P = (1/2 × 1) + (1/4 × 2) + (1/8 × 4) + … = ∞

Nicholas Bernoulli (1695-1726) foi o primeiro a descrever esse problema em 1713, junto com o primo Daniel Bernoulli (1700-1782). Em 1724, quando Nicholas passou uma temporada em São Petersburgo, apresentou o problema ao czar Pedro, o Grande (1672-1725), que o batizou com o nome da capital de seu império. 
Uma possível solução é que esse jogo ignora a psicologia humana e a condição social dos jogadores. Nós estamos considerando apenas o valor monetário do prêmio como algo maior do que o valor que a vitória tem para nós. E ouro vale mais para um miserável sem-teto do que para um bilionário.

Uma vez que acumulamos certa soma, o apelo para obter uma riqueza maior começa a diminuir. Mesmo que não percamos nada, as chances de ganhar são cada vez menores e assim vamos parando de arriscar.
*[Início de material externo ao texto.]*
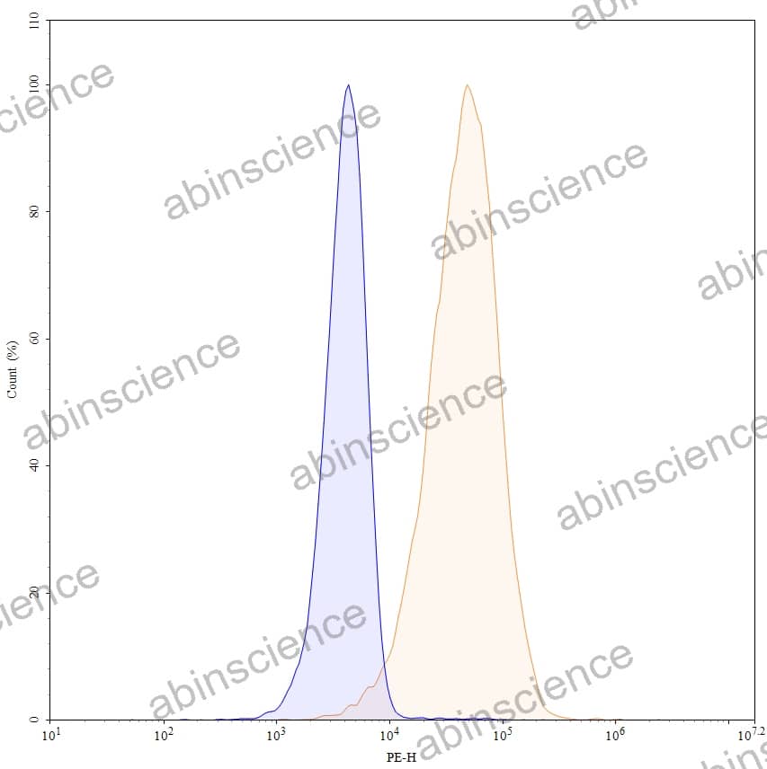 Flow-cytometry using PE anti-human CD146 antibody. Hela cells were stained with an irrelevant antibody (Blue Histogram) or an PE anti-human CD146 monoclonal antibody (Catalog: HW484227, Yellow Histogram) at a concentration of 5 µg/ml for 30 mins at RT. After washing, and cells analysed on a NovoCyte Flow Cytometer. |

A não ser, é claro, que você seja desses que pensam que quanto mais dinheiro melhor, mesmo que não possa (ou nem queira) gastá-lo.

“Os matemáticos”, segundo Gabriel Cramer (1704-1752), “estimam o dinheiro em relação à sua quantidade e os homens de bom-senso em proporção ao uso que podem fazer dele.”